Marks v. Koch: Was it worth it? |

Marks v. Koch: Was it worth it?

A local district judge has ordered the city of Aspen to pay 2009 mayoral candidate Marilyn Marks a little more than $195,000 for attorneys fees related to her battle to examine ballot images from that election, which was won by former Mayor Mick Ireland.

The City Council has agreed to pay the amount, and we couldn’t be happier. In the big picture, the payment will end a nearly 5-year-old battle of wills and egos related to a matter about which only the most ardent Marks or Ireland supporter probably cared. In the small view, a lot of time, money and ink was spent by news media over an issue — Marks’ right to view the images; the city’s contention that it must protect the privacy of its voters — that ultimately was not high on the overall community’s list of concerns.

To recap, briefly: Ireland defeated Marks in the May 2009 municipal election, which relied on a a software system called Instant Runoff Voting, designed to avoid the expense of a runoff. (That system soon was scrapped by Aspen voters.) Marks was critical of the system and asked for digital copies of the ballot images, and the city denied her request, citing state law and the public’s right to a secret ballot.

Marks filed a lawsuit in October 2009 (Marks v. Koch, naming City Clerk Kathryn Koch as the defendant). District Judge James Boyd dismissed the case in March 2010. Marks appealed, and the state Court of Appeals in September 2011 ruled in her favor. The city filed a writ of certiorari in November 2011 asking the Colorado Supreme Court to hear the case, but the higher court in the summer of 2012 declined — thus handing Marks the win and avoiding the extra-innings play.

While Marks was provided CDs containing some 2,500 ballot images from the election, she admits she hasn’t viewed them, given the time she has spent in recent years as an advocate for open elections in other parts of the state. In essence, hers was more of a philosophical victory.
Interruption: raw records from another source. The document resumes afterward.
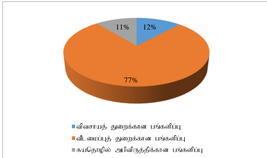
வரைபடம் 13 ஆய்வுப் பிரதேசத்தின் அபிவிருத்திக்கான இலங்கை வங்கியின் மொத்த பங்களிப்பு (1990-2013)

மூலம்:- இரண்டாம் நிலைத் தரவின் தொகுப்பு, இலங்கை வங்கி (1990-2009).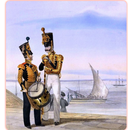
Изображение морских гвардейцев первой четверти XIX века. Литографированные иллюстрации из немецкого издания: Монтен Д.; Эккерт Г. А. Обмундирование Русской императорской армии. Рисовано с натуры.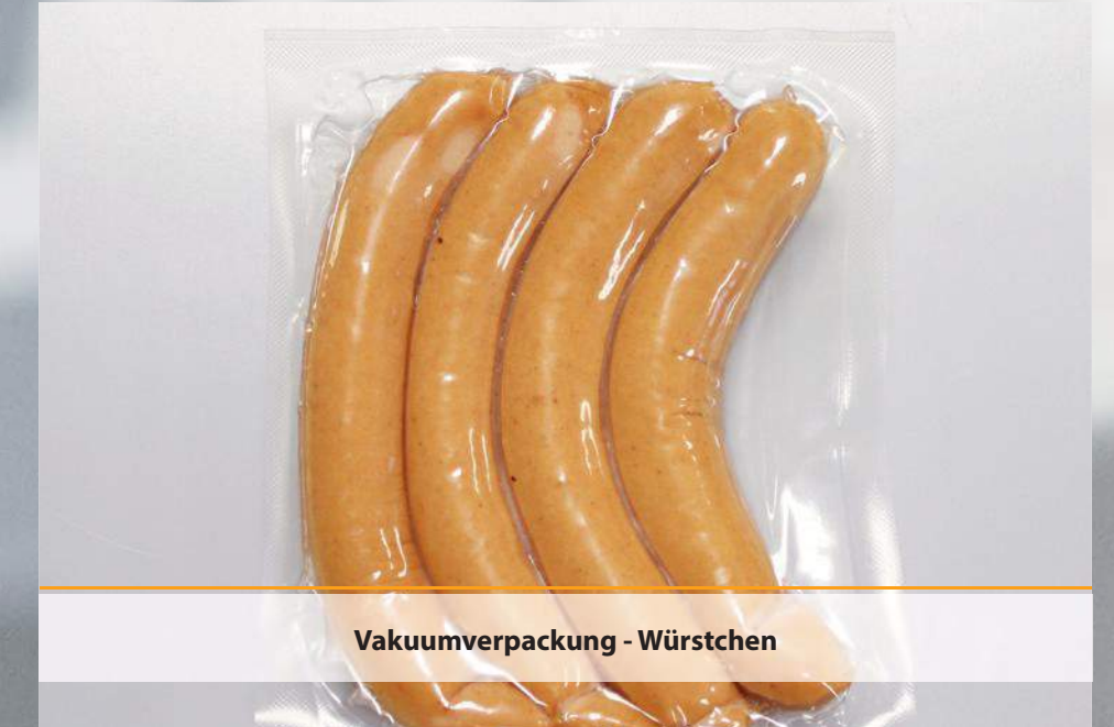
Vakuumpackung - Würstchen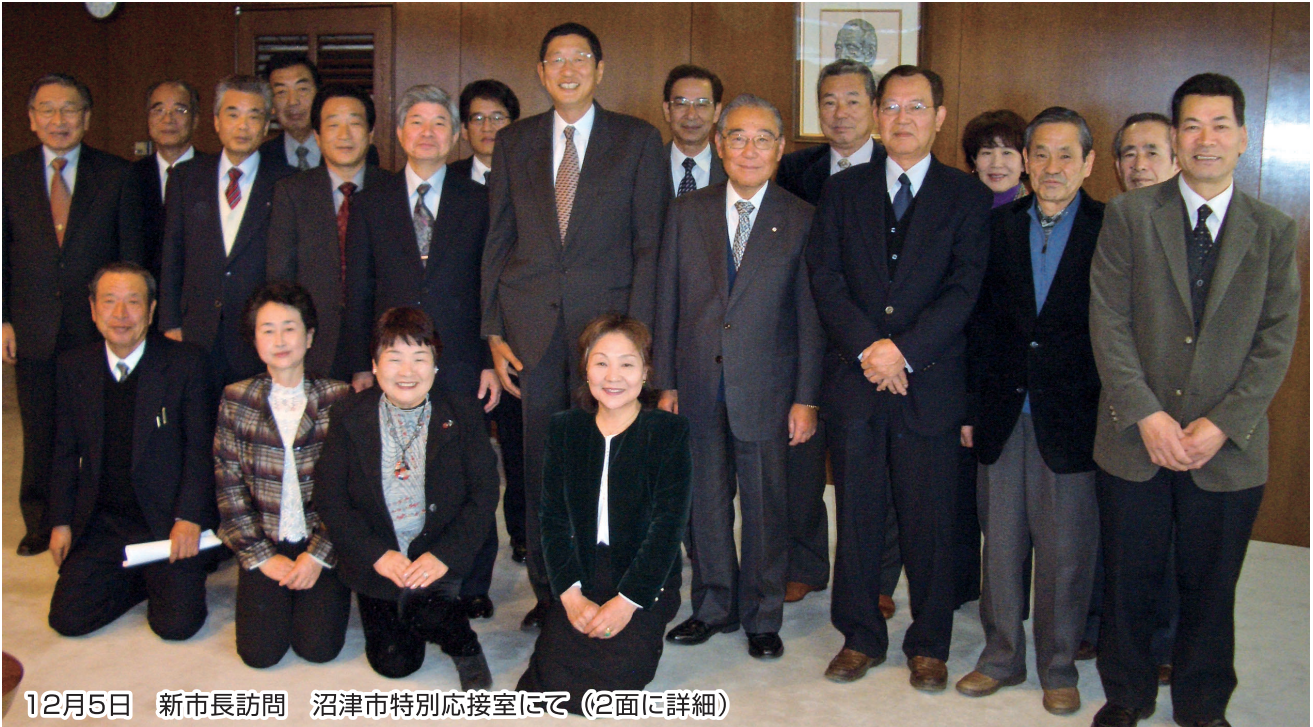
12月5日 新市長訪問 沼津市特別応接室にて (2面に詳細)

No. 10 発行者 沼津市商工会 会長 松永公良 〈本所・原支所〉沼津市原1200番地の1 TEL (055) 966-1331 FAX (055) 967-4925 〈戸田支所〉沼津市戸田1028番地の5 TEL (0558) 94-2224 FAX (0558) 94-4029 編集 沼津市商工会広報委員会

Meanwhile, the two sides have been battling over Marks’ legal fees.

She claimed that she was owed slightly more than $407,000, an amount the city argued was too high. As judges often do, Boyd split the baby, so to speak, coming up with an amount his court deemed as reasonable.

In November 2011, Marks sued the city over the right to inspect actual paper ballots from the May 2011 municipal election, in which Ireland won a third and final term as mayor. The city filed a motion for summary judgment in that matter, and District Judge Gail Nichols ruled against Marks in August 2012, saying that at the time Marks filed suit, the state had no provision for making paper ballots available for public inspection. Marks appealed Nichols’ decision, but the appellate court declared the issue moot.

City Attorney Jim True said Tuesday that he believes all litigation between the city and Marks is basically finished. Both sides will claim victory to varying degrees: Marks, because the Instant Runoff Voting system is part of Aspen history and the city was forced to turn over images from the 2009 election; the city, because the court ruled that it did not have to supply her with all of the images, such as 130 that had distinguishing marks that might have identified certain voters.

Marks always has insisted that her fight with the city was not about the election result, and that may be true. The city always claimed that it has countered Marks’ actions on the grounds that state law preserved voter secrecy.

Great. A philosophical election issue was tackled to the fullest. Marks was a thorn in the side of the city for the better part of five years, and the city spent more than 350 hours of its time dealing with her legal wranglings.

But we are left to wonder, in hindsight, was it gobbledygook — much ado about nothing?